# DATA SECTION
***

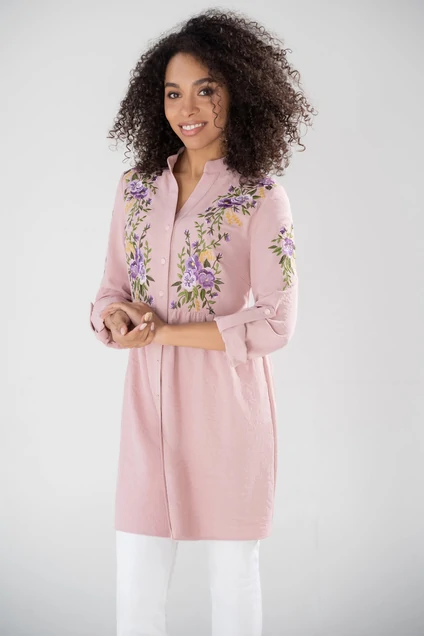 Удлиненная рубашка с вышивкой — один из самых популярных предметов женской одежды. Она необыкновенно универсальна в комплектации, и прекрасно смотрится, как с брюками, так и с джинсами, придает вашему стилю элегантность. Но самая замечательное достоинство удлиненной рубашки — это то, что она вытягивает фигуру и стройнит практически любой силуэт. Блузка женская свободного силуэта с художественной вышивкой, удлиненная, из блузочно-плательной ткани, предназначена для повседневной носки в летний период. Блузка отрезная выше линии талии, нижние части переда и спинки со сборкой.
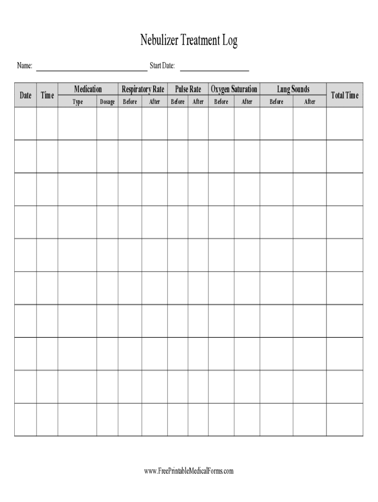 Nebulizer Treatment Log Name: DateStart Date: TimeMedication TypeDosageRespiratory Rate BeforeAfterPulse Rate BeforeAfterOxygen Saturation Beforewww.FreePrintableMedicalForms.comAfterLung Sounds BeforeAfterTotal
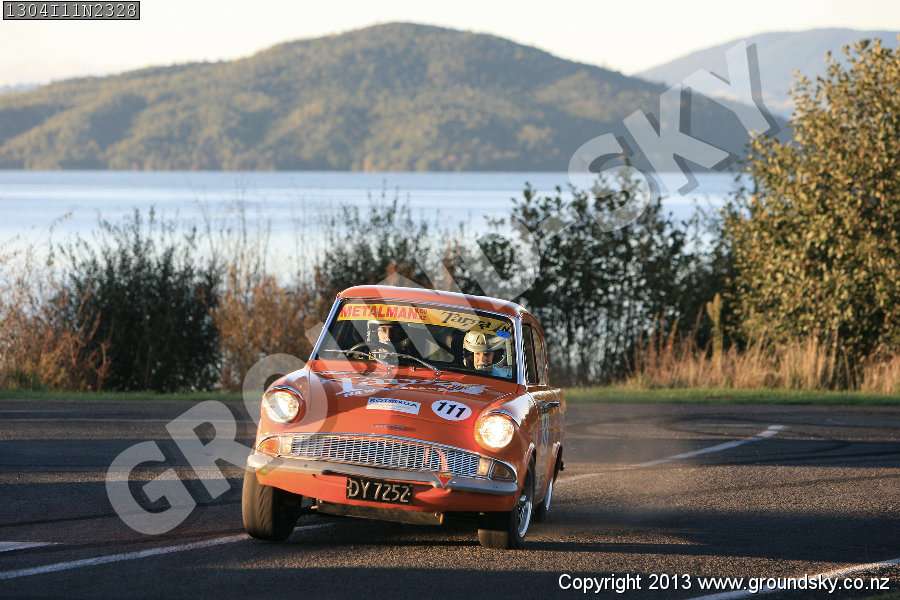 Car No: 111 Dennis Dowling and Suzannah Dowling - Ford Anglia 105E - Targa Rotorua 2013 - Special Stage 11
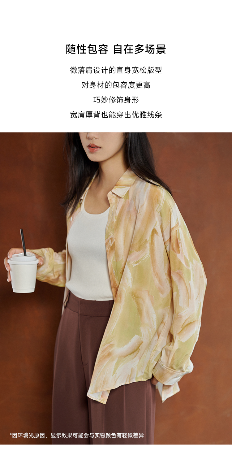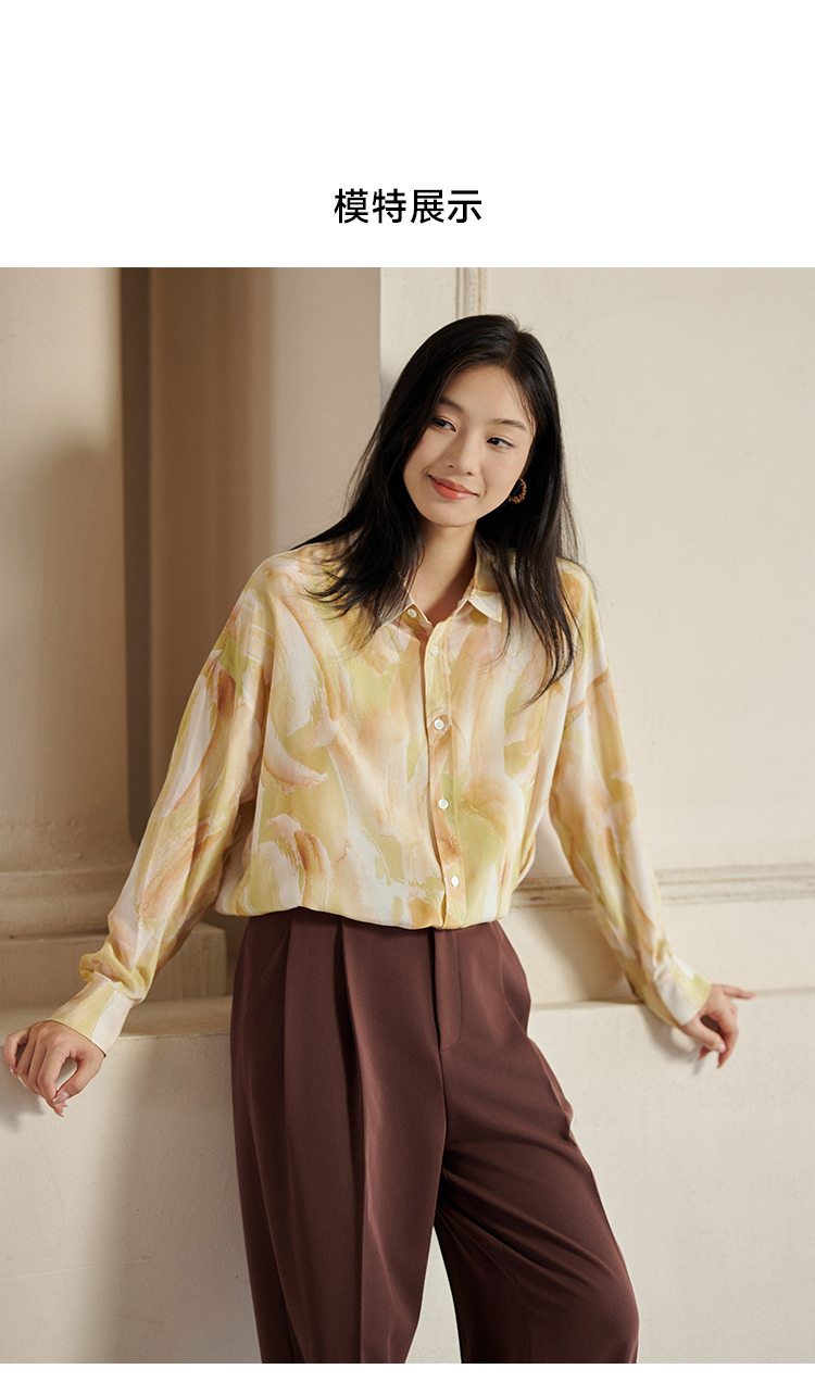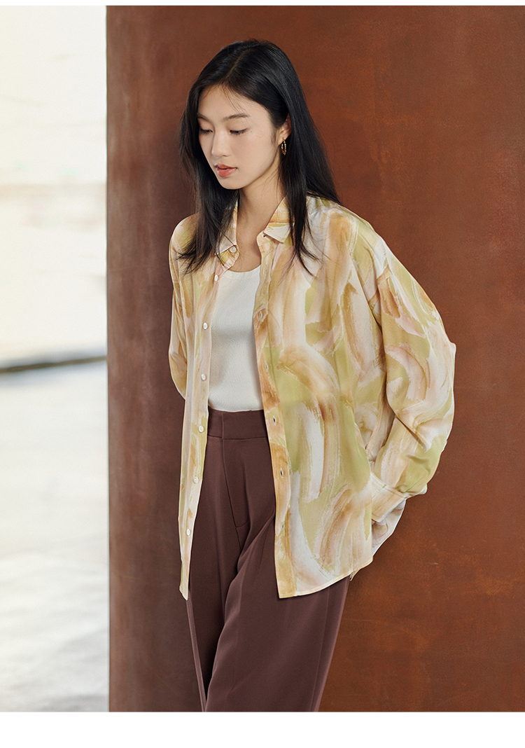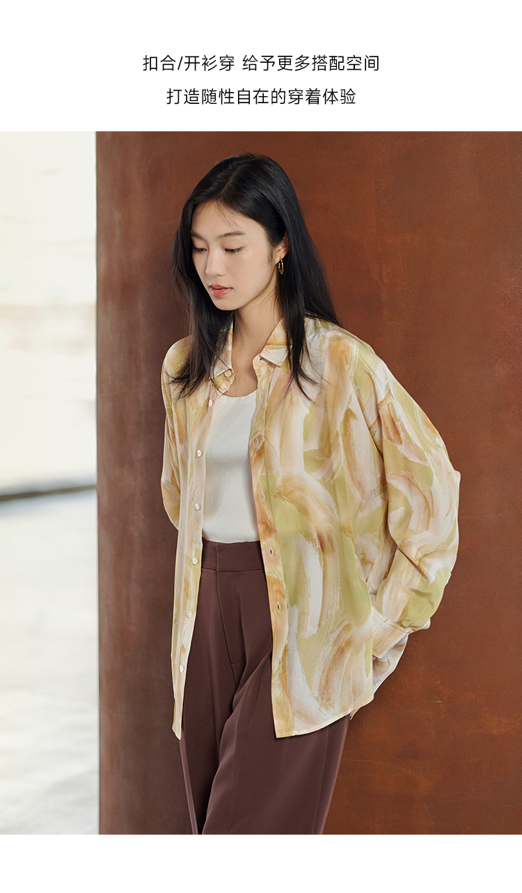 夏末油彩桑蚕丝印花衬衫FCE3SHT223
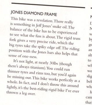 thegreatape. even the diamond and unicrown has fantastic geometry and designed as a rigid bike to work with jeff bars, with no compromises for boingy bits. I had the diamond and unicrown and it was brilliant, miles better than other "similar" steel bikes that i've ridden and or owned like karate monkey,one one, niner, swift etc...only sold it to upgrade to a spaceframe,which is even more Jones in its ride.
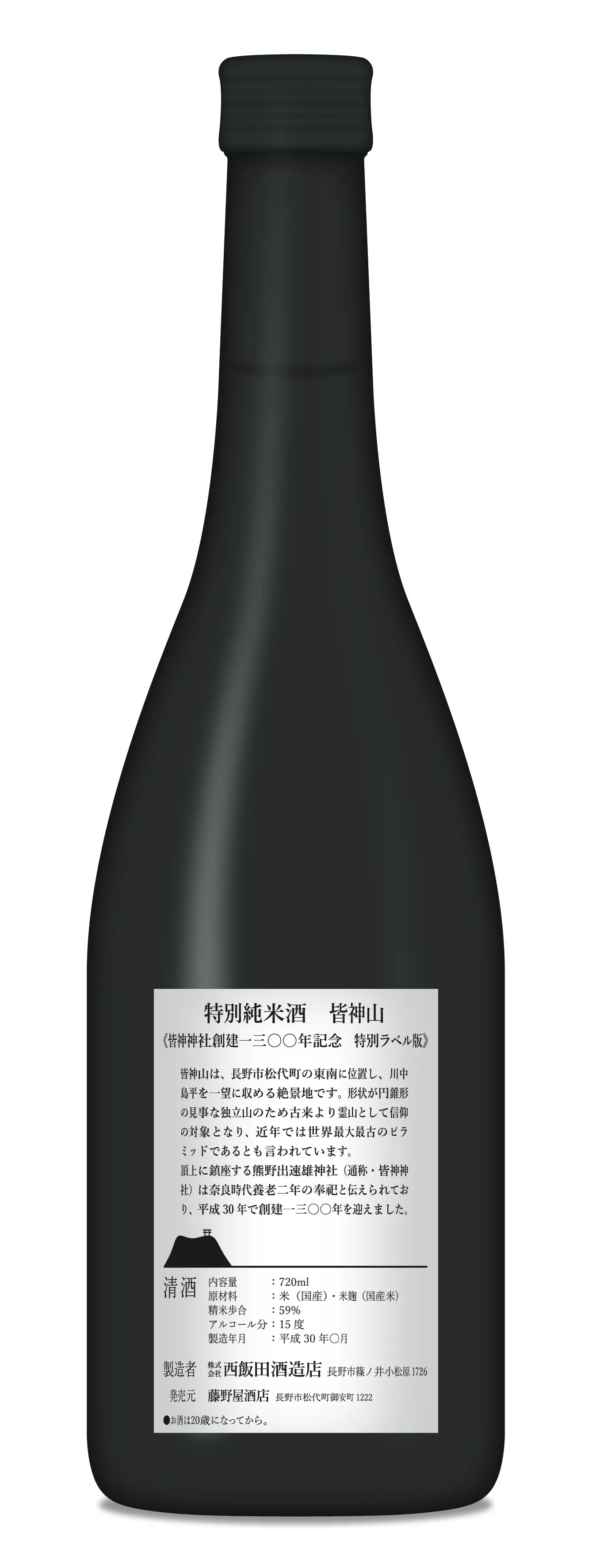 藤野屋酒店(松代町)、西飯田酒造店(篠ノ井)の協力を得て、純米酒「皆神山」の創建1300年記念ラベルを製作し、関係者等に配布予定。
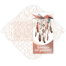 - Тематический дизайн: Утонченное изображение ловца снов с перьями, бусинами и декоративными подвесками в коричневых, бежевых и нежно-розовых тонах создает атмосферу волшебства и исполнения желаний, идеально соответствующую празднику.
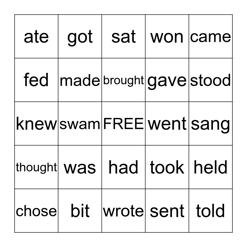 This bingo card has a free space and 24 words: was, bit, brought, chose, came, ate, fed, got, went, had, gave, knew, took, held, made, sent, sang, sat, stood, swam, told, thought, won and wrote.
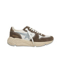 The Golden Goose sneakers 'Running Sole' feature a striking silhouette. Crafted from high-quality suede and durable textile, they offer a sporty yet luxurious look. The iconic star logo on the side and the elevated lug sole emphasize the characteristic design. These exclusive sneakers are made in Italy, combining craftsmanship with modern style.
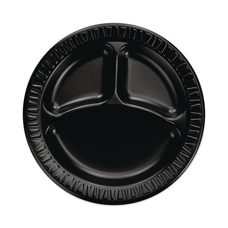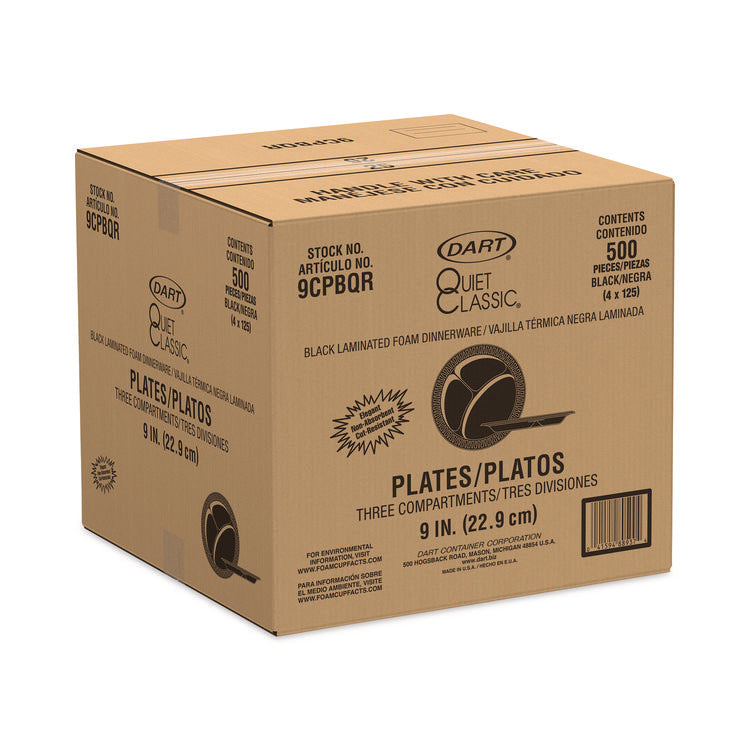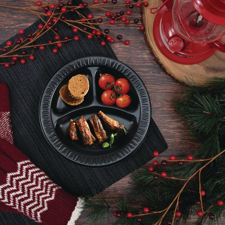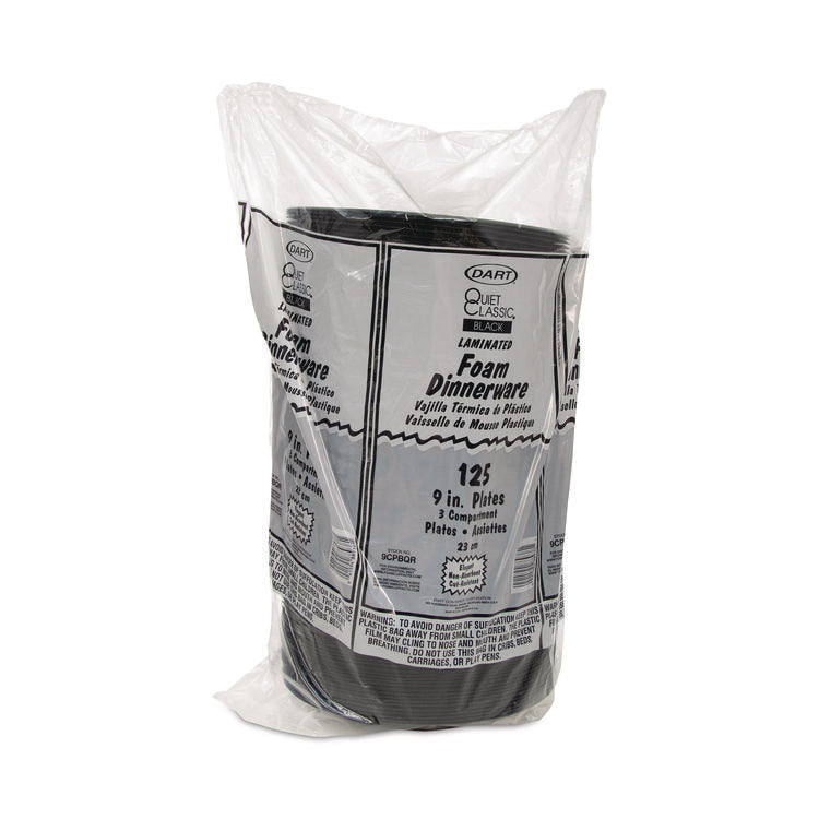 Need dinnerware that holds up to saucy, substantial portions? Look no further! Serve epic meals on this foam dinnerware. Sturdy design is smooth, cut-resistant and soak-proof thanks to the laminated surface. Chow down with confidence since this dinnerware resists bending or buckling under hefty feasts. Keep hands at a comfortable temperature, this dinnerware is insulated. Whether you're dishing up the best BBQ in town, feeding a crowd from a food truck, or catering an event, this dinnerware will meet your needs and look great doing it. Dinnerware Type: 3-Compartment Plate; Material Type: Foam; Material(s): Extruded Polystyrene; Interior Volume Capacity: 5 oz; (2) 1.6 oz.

***

# PROBLEM TO SOLVE
The line holding "Car No: 111" starts the copy and the line holding "夏末油彩桑蚕丝印花衬衫FCE3SHT223" ends it. Repeat those two lines above and all between them exactly, leaving out pictures.

# YOUR SOLUTION
 Car No: 111 Dennis Dowling and Suzannah Dowling - Ford Anglia 105E - Targa Rotorua 2013 - Special Stage 11
 夏末油彩桑蚕丝印花衬衫FCE3SHT223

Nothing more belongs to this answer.